Quoting Christine Lagarde, the managing director of the International Monetary Fund, Beckenstein said the U.S. may simply be in the “new mediocre.”
Looking ahead to the rest of the year, Beckenstein forecast additional sluggish growth coupled with even more volatility.
His economist forecast included 2.6 percent GDP growth for an adjusted 2016 — representing the fourth quarter of 2015 to the third quarter of 2016 — with core inflation of 1.8 percent and an average unemployment rate of 4.8 percent. The spread between the high and the low on the Dow Jones Industrial Average for the year will be at least 3,000 points, he said. His forecast would be lower for GDP growth if the recession began earlier than the fourth quarter of 2016.
Beckenstein put the probability of a negative growth quarter by the middle of 2017 at 50 percent, with the precise quarter depending on the exact timing of a recession that he expects to hit as early as the fourth quarter of 2016.
“The key is, what is the timing of the recession that’s coming?” Beckenstein said. “It’ll come. We’re due.”

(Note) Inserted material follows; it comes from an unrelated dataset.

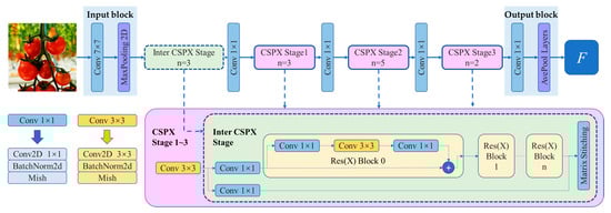 Considering that the images collected have different pixel sizes and data storage formats, including jpg, png, and tif, these factors should be fully considered before designing the input module of the entire model. Thereby, the input block contains a convolutional kernel of 7 × 7 with a step size of 2, and a maximum pooling layer with a kernel of 2 × 2, of which step size is 2. It then passes through the inter CSPX stage consisting of n partial residual blocks and a partial transition layer. The feature maps of the base layer in the inter CSPX stage are split into two parallel paths. Path b first passes through a convolutional layer with a convolutional kernel of 1 × 1 and a step of 1, and then passes through several residual blocks, which can be either ResNet or ResNeXt. The input of path 2 is directly summed with the result of path 1 to obtain the output of path b. Path c similarly goes through a convolutional kernel of 1 × 1 with a step size of 1 and an output of 64 channels, which is then spliced directly with the output of path b and goes through a convolutional kernel of 1 × 1 to obtain an output of 256 channels. The dimensions of all outputs will be doubled. The formulae in each CSPX stage are shown below:

Noting the roughly seven years since the last recession ended, Beckenstein said it had been an unusually long period without a major shock to the system. The economist said there were many candidates for a global shock to the world’s economy, with potential negative events including the continuation of a more restrictive federal monetary policy resulting in a “wealth shock,” or some other major event in the global economy.
Indeed, if interest rates continue to rise, and we see a resultant drop in bond prices on the secondary market, the subsequent wealth shock could lead to contagion in the equity and housing markets, which could be one path to recession.
Despite the mixed outlook, Beckenstein said the longer term outlook for the U.S. remained reasonably strong, noting the diversified economy and a sophisticated labor force.
It may just be a bumpy ride to the longer term.